5/7 Help!


#1
/*jshint multistr:true */
var text = "Pete,blah blah blah newcastle blah Pete"
var myName = "Pete"
var hits = []

for (var i = 0; i <= text.length; i++) {
    if (text[i] === "P") {
      for (var j = i; i += myName.length; i++) {
          hits.push(text[j]);
        }
    }
}

Error: Out of memory

No idea what is wrong here!


#2

Ok, played around with it and got this:

/*jshint multistr:true */
var text = "Pete,blah blah blah newcastle blah Pete"
var myName = "Pete"
var hits = []

for (var i = 0; i <= text.length; i++) {
    if (text[i] === "P") {
      for (var j = i; j < myName.length; j++) {
          hits.push(text[j])
        }
    }
}

console.log(hits)

The console now shows [ 'P', 'e', 't', 'e' ] but still does not pass...


#3

Change the condition ot the first loop to:

i < text.length

Change the condition of the second loop to :

j < i + myName.length

And try to push text[i], not j here:


#4

Thanks julietaatanasova! It passed, however, the console showed [ p p p p p p p p ] instead of [ p e t e p e t e ]. Do you know why?


#5

Read carefully the text before the instructions:

This loop will make sure each character of your name gets pushed to the final array. 
The if statement says: "If we find the first letter of the name, start the second for
 loop!" 
This loop says: "I'm going to add characters to the array until I
 hit the length of the user's name." So if your name is 11 letters long,
 your loop should add 11 characters to hits if it ever sees the first letter of 
myName in text.

Maybe there is no problem to add text[j]. The count of the pushed letters is more important to this task.

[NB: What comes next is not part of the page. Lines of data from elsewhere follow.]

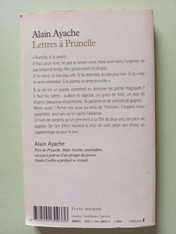 "Les Lettres à Prunelle constituent un guide de sagesse universelle, un véritable manuel philosophique. Chacun peut y trouver matière à réflexion, à méditation, à enseignement. Ces " lettres " ont été écrites par Alain Ayache, et sont autant de maximes, de pensées, qu'il destine à sa fille. Comme tout parent, il s'est interrogé sur l'avenir de son enfant, lui transmettant conseils et remarques afin de la guider, de la soutenir tout au long de sa vie. Qualités, défauts, vertus, tout est passé au crible par ce père attentionné qui délivre ainsi une sorte de mode de conduite à l'usage de sa propre chair. En petits textes courts, fables, réflexions saisies sur le vif, observations, fruits de ses expériences, il s'adresse à la future femme qui sommeille en Prunelle et qui, un jour, lira ces lignes. Ces textes nous renvoient à nos propres histoires d'enfance. " De même que nous avons entendu les histoires de nos parents, nous racontons ce que nous avons vu à nos enfants, qui raconteront à leurs enfants, et ainsi de suite. Nos histoires sont notre héritage ", tel que l'écrit dans sa préface Paulo Coelho."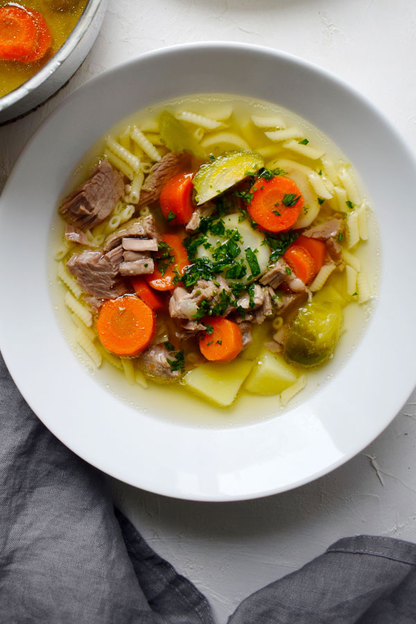 Beef broth is rich in vitamins and minerals. Beef is fattier and more substantial than poultry, but if you need strength and energy (for example, if you are ill or feeling weak), then a long-simmered beef broth is the best choice. It strengthens the immune system and is also good for muscles and joints.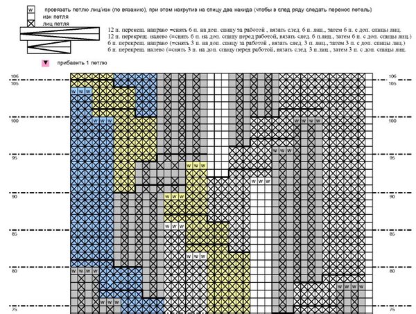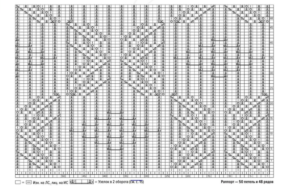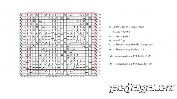 Раппорт узора составляет 23 петли по ширине и 74 ряда по высоте. На схеме петли раппорта выделены краской рамкой.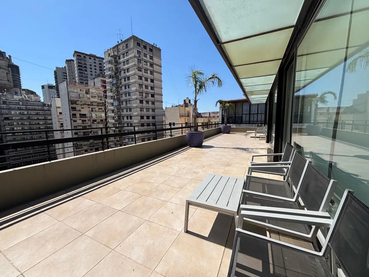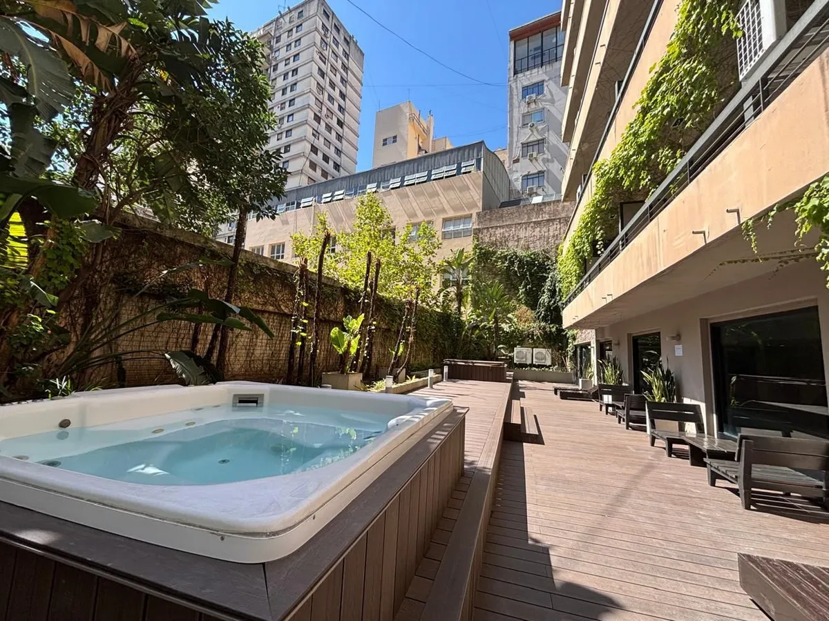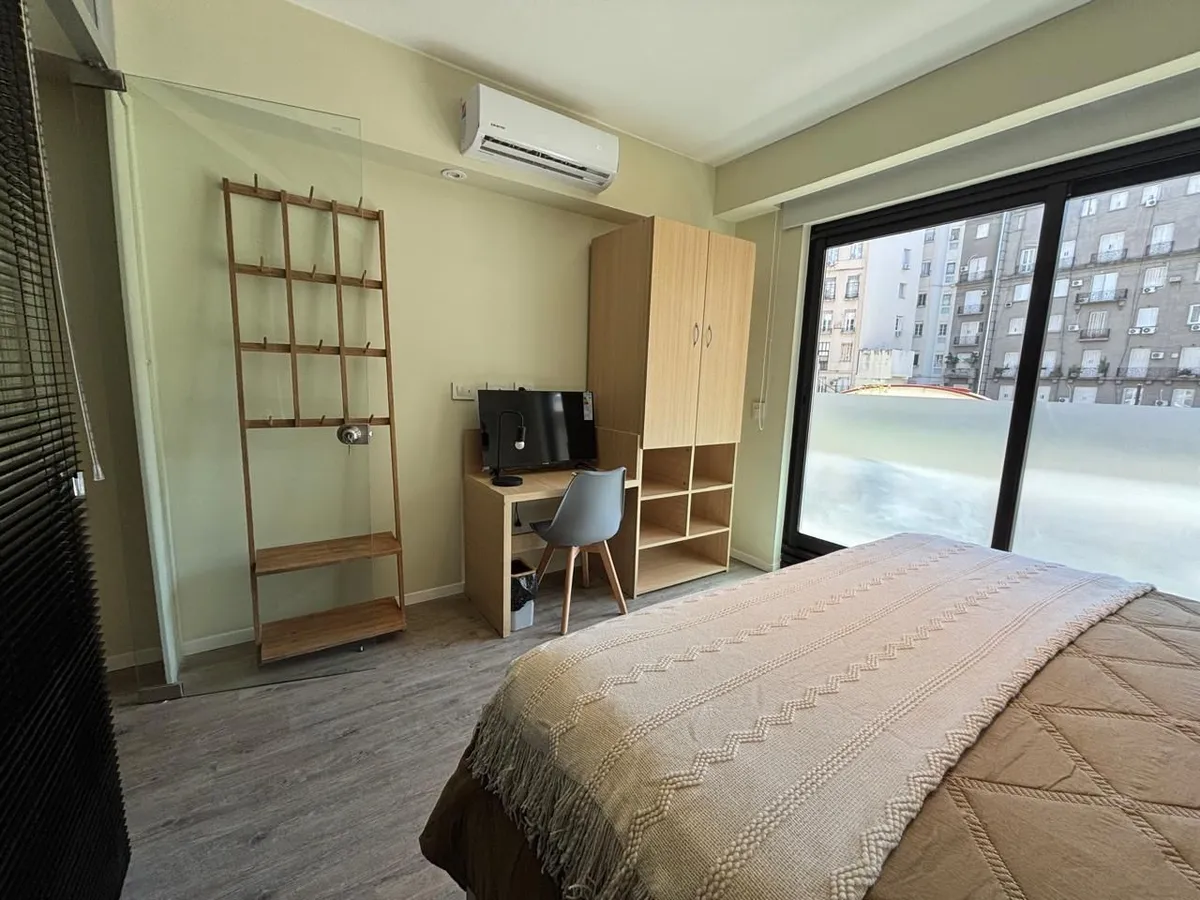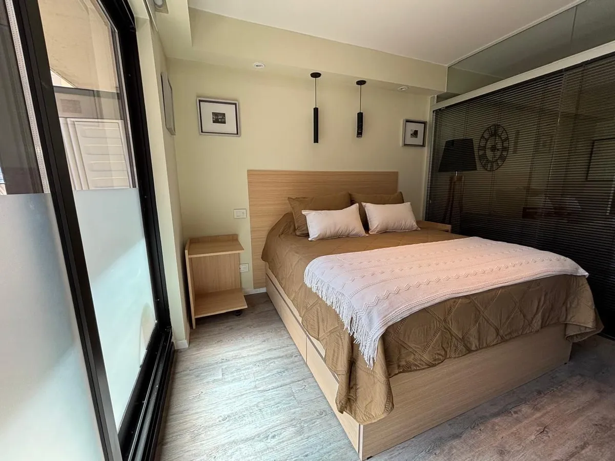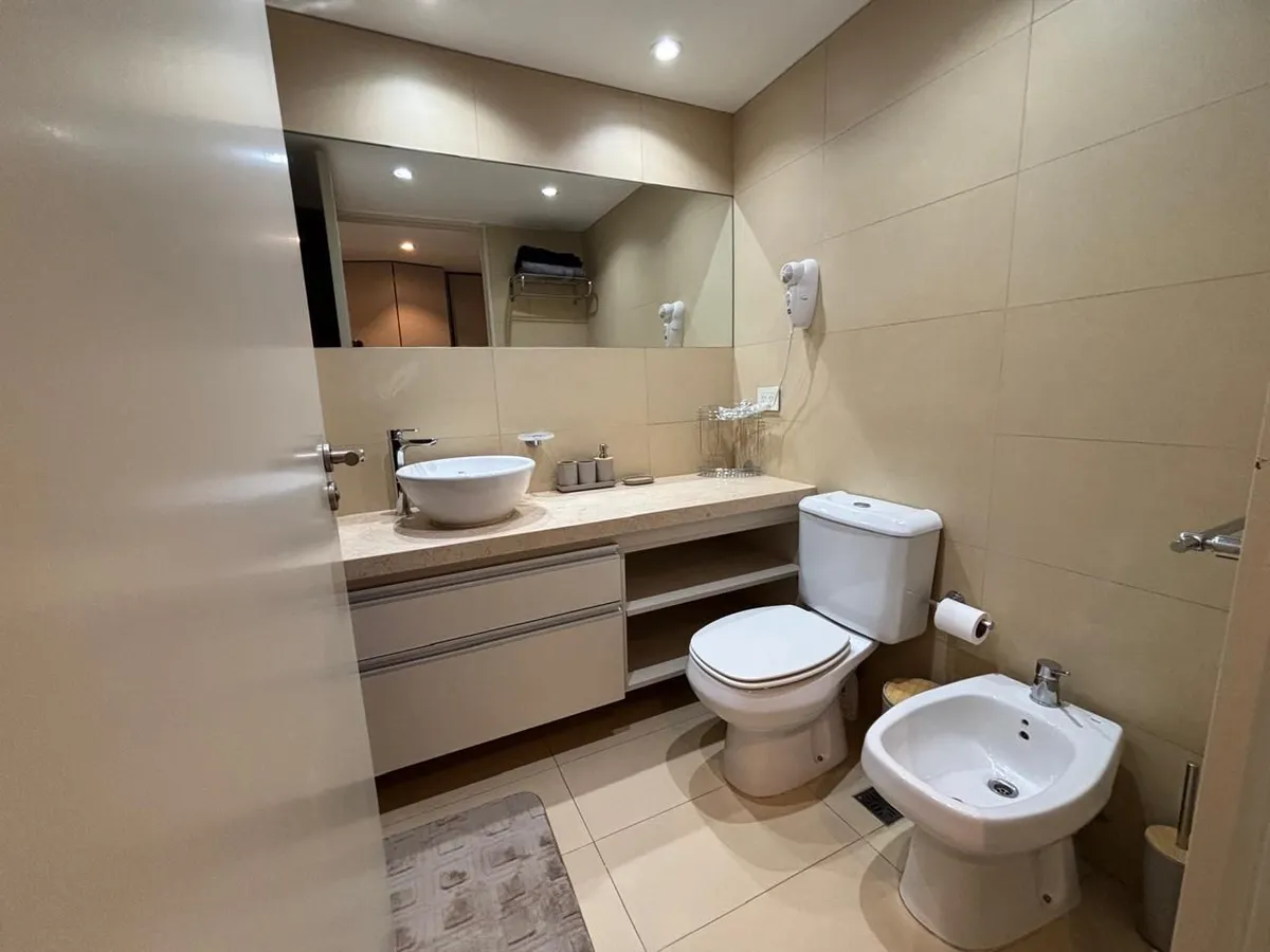 Departamento de 2 ambientes, al contrafrente, con 1 dormitorio. Incluye living comedor con salida a balcón, cocina, baño completo y dormitorio; se ofrece amoblado. Cuenta con aire acondicionado y agua caliente provista por termotanque. El edificio tiene 11 pisos, 6 departamentos por piso y 2 ascensores. Dispone de SUM, microcine, piscina cubierta, solárium con 2 jacuzzi, gimnasio, sauna, vestuarios, portero visor y wifi, con reconocimiento facial en el edificio y en el departamento.

Your problem was that you was adding once the characters of the name, when you have 2 occurrences of your name in the text.


#6

thanks! Surely though the count of the pushed letters is only useful if it counts from the first occurrence, and then pushes the right number of letters that come afterward, thus giving the full name. Printing pppppppp is just as useless to me as printing p.

In my original code it was finding the first letter, and then printing the correct number of subsequent letters, it just wasn't finding the second instance. i feel like the new code solves that problem but creates another.